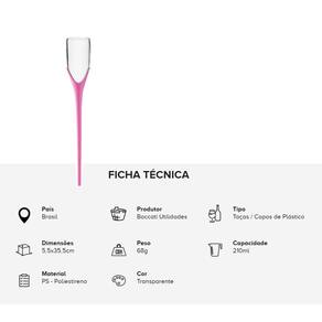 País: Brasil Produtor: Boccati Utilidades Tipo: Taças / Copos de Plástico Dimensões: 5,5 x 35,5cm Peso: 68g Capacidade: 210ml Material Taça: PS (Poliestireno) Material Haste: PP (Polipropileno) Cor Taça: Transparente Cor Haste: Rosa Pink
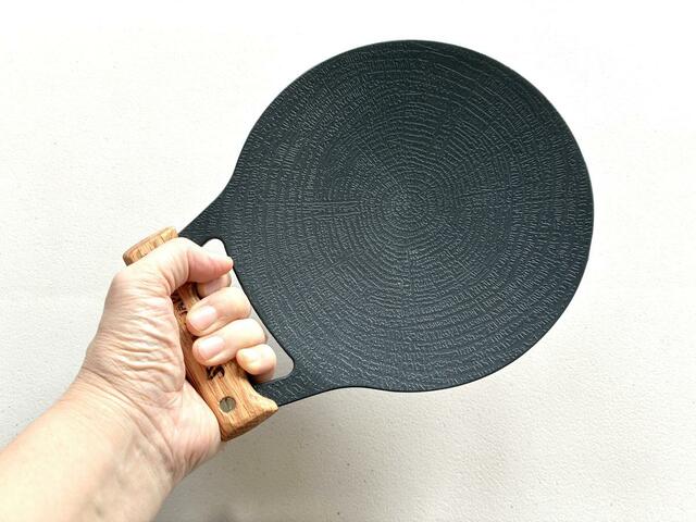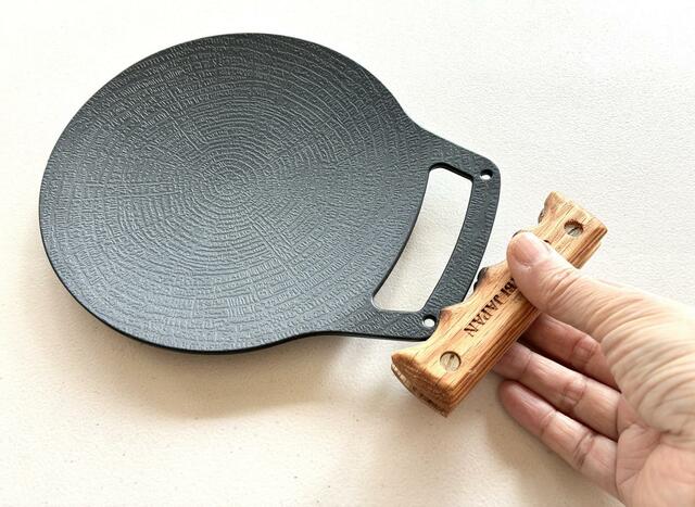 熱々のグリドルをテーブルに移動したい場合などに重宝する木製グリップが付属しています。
* * *
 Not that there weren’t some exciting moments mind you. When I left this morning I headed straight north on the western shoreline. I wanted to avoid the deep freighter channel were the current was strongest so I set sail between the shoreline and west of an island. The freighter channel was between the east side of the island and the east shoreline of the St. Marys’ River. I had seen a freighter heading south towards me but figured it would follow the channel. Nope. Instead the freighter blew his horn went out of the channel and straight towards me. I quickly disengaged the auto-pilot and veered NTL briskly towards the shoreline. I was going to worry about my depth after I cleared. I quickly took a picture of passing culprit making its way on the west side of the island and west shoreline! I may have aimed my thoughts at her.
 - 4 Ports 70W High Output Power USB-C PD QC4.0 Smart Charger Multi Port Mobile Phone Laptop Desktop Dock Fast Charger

Work to complete: While skipping the pictures, transcribe the data above from the line showing "País: Brasil Produtor: Boccati" through the line showing "熱々のグリドルをテーブルに移", exactly and with both ends.

Answer for this exercise:
 País: Brasil Produtor: Boccati Utilidades Tipo: Taças / Copos de Plástico Dimensões: 5,5 x 35,5cm Peso: 68g Capacidade: 210ml Material Taça: PS (Poliestireno) Material Haste: PP (Polipropileno) Cor Taça: Transparente Cor Haste: Rosa Pink
 熱々のグリドルをテーブルに移動したい場合などに重宝する木製グリップが付属しています。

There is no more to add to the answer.